SEM SISTEMA
Quinzenalmente verifico o estoque doméstico daqueles produtos de uso diário, faço a lista e vou ao supermercado na esquina da rua providenciar o reabastecimento daqueles que estão em vias de faltar.
Claro que na turnê pelos corredores, entre gôndolas, balcões frigoríficos e ilhas, como qualquer mortal, não fico indiferente àqueles produtos feitos para encantar e estrategicamente colocados à vista da freguesia.
Hoje, ao passar pelo balcão dos laticínios, lá estava em destaque o irresistível queijo Roquefort com aquele aspecto cremoso e o vigoroso cheiro úmido de chulé e sovaco ardido sem desodorante.
Peguei um bom pedaço para comer com o pão italiano fresquinho que esteve na ilha de pães especiais e que, como o queijo, não estava na programação das compras do dia.
Concluída a lista, a operadora do check-out avisou que só estava recebendo pagamento em espécie, porque estava sem o sistema com a rede bancária.
A alternativa para meu caso, pagamento com débito em conta, seria registrar a compra e sacar o valor na casa lotérica instalada no mesmo prédio do supermercado.
Numa avaliação rápida o montante ficaria acima dos trezentos reais, valor que uma lotérica de bairro pobre como o que eu moro jamais teria disponível antes das nove horas da manhã.
Argumentei se não haveria a possibilidade de o sistema gerar um boleto para eu pagar na lotérica.
Não, nem pensar.
O analista que criou o sistema para o supermercado, não se lembrou dessa possibilidade.

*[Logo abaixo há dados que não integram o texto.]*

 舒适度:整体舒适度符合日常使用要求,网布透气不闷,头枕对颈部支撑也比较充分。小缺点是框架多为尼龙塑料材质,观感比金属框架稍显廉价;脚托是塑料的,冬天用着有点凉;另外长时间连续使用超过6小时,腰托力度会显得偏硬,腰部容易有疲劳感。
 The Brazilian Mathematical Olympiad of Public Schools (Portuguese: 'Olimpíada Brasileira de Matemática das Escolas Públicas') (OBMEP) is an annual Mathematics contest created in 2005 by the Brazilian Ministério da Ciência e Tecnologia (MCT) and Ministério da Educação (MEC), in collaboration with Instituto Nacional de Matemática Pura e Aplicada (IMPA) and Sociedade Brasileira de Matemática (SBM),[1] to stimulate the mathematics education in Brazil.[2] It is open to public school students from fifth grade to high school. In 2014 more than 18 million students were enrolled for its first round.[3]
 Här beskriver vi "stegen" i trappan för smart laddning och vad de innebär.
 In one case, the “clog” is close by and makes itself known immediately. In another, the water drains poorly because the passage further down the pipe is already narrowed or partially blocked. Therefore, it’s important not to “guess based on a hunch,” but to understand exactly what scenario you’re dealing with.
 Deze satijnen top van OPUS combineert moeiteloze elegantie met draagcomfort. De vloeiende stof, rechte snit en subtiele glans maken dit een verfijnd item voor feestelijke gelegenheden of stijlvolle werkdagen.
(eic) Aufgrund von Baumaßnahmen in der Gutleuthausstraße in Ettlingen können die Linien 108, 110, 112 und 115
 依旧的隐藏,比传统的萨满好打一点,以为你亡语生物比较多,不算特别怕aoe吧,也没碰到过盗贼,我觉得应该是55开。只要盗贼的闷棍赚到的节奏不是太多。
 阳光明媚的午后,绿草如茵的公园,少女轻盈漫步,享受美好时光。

Deixei o carrinho carregado de compras com a supervisora da bateria de caixas e voltei para casa com a carriola vazia.
Na volta, sem as compras e analisando o quanto somos dependentes dos sistemas para tudo e qualquer coisa, lembrei daqueles sonhadores que vivem apregoando que devemos abandonar essa “sociedade de consumo” e ir viver no mato, construir casa de taipa com cobertura de sapê, beber água sem os aditivos de purificação, plantar o próprio alimento em hortas “orgânicas” que serão cozidos em fogões à lenha, sem telefone, luz elétrica ou geladeira, anestesias ou produtos derivados de animais.
Tudo muito romântico e alheios à realidade de que não é qualquer um que consegue viver retirado, sem os confortos e facilidades que a cidade oferece.

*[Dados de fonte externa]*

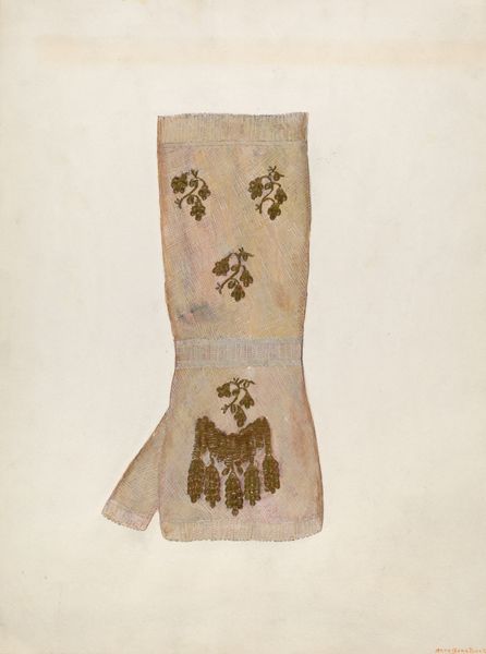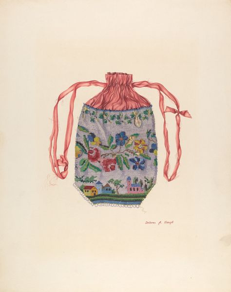 John Cooke rendered this watercolor painting of a reticule, or small bag, sometime in the late 19th century. During this period, reticules were essential fashion accessories, and signifiers of femininity. Cooke's delicate rendering draws our attention to the reticule’s function as a highly gendered object. Beyond its practical use for carrying personal items, the reticule performed a crucial role in constructing and communicating a woman's identity. The reticule often became a canvas for expressing personal identity through its design. A reticule might carry overtly feminine patterns but could also act as a subversive canvas for women to express sentiments that would otherwise be repressed. The choice of materials, colors, and embellishments reflected a woman's taste, social standing, and even her political affiliations. Consider how a seemingly simple accessory could speak volumes about a woman's place in the world, and how she navigated the expectations placed upon her.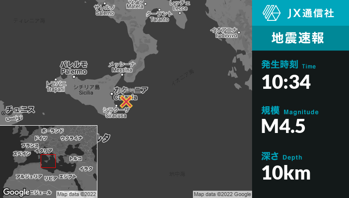 4月15日 10:34頃、イタリアのAugustaから東46kmの地点でM4.5の地震がありました。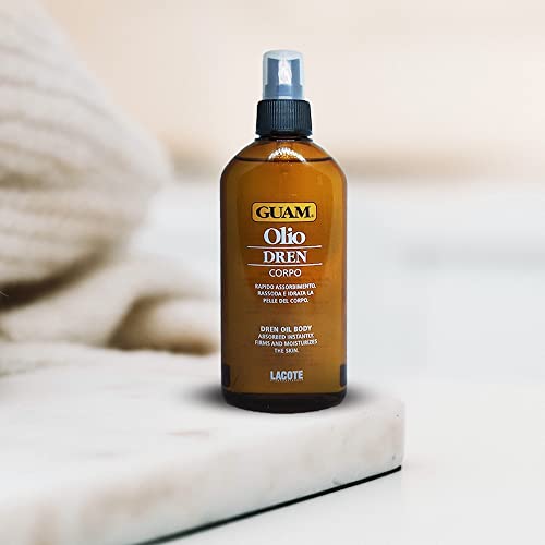 LYMPHATIC DRAINAGE MASSAGE OIL: This anti-cellulite oil has an emollient effect these ingredients help to restore the skin’s moisture level and support the lipid barrier to retain moisture. To eliminate waste products, lymphatic drainage massage with Guam Dren Body Oil also boosts microcirculation, yielding a velvety soft, supple, and well-sculpted body. This light and non-greasy oil absorbs instantly without leaving an oily residue on the skin or clothes.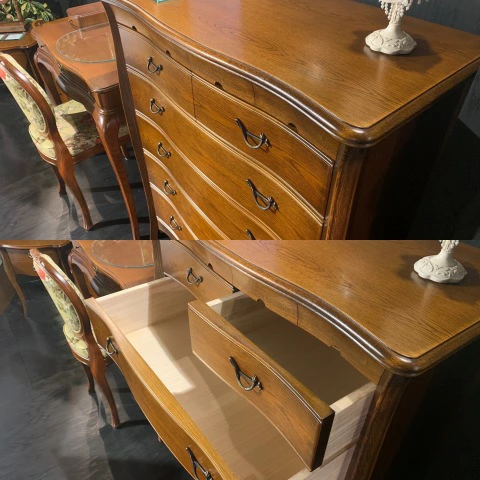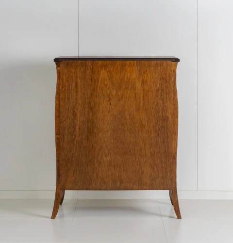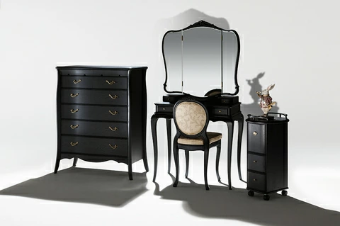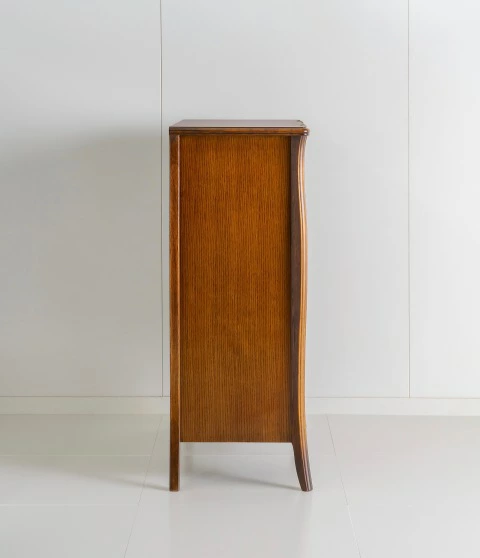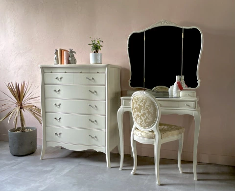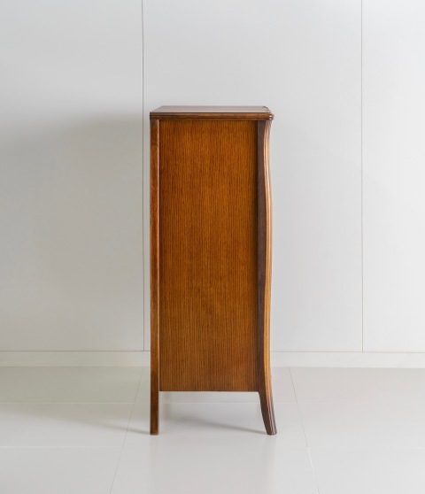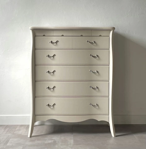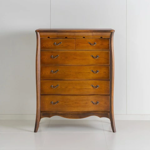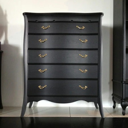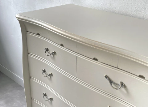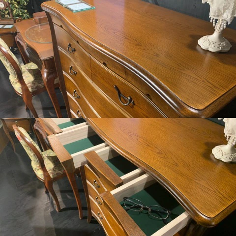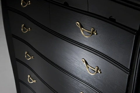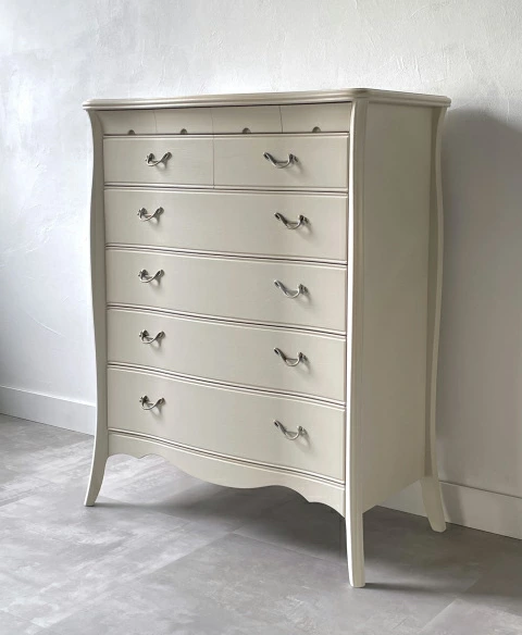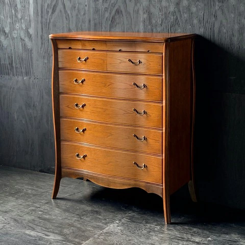| 国産高級家具【Continue】カンティーニュシリーズのハイチェスト。 彫刻はデザイナーが描く繊細なラインを職人が丁寧に彫り込んで表情を造り上げています。上部4杯の小引き出しの底は布貼りになっています。 その他にもジョイントを強力にする手の込んだフィンガージョイント工法や、取っ手部分のお洒落なシャルマンハンドルなど、こだわりの技の1つ1つでカンティーニュのエレガンスの表情は造られています。 |

Plantar o próprio alimento demanda tempo que o urbano desconhece.
Produtos “orgânicos” quando encontrados nas feiras que levam esse nome, são chochos e de aspecto desagradável para nossos olhos acostumados com os produtos originados de cultivo controlado por pesticidas e adubo mineral que, apesar de serem tão orgânicos quanto os que levam esse apelido, são demonizados pelos “ecochatos”.
Nessas feiras, você não encontra o que quer comprar, mas o que eles têm para vender, porque sem o controle da estufa e da refrigeração das mega safras, os vegetais, obedecem ao ciclo natural de desenvolvimento no decorrer do ano.
Em Pernambuco, o milho que se planta em março, no dia de São José, só estará em ponto de colheita nas festas juninas... noventa dias, em média.
Coentro, chicória, rabanete, nabo, demais hortaliças, quarenta dias no mínimo, se secas ou chuvas não inviabilizar tudo. Cafeeiro atingido por geada, se não morrer, leva dois anos para se recuperar... qual será o alimento dessa gente se nós, humanos, não digerimos a celulose da grama que viceja e abunda em qualquer lugar durante o ano todo?
Não custa imaginar como esses retirados, agirão quando precisarem de tratamento dentário, canal por exemplo, parto cesariana, fratura de membro, picada de animal peçonhento, choque anafilático por qualquer agente alergênico...
Visitar o mato por pouco tempo, a trabalho, passeio ou pesquisa científica, é uma maravilha, mas viver por lá, sem a muvuca e o trânsito das cidades, sem vizinhos, vendedores ambulantes, som dos fogos de artifício nas madrugadas avisando que a droga chegou no ponto, sem o som da moto do aviãozinho abastecedor das biqueiras... sei não, viu?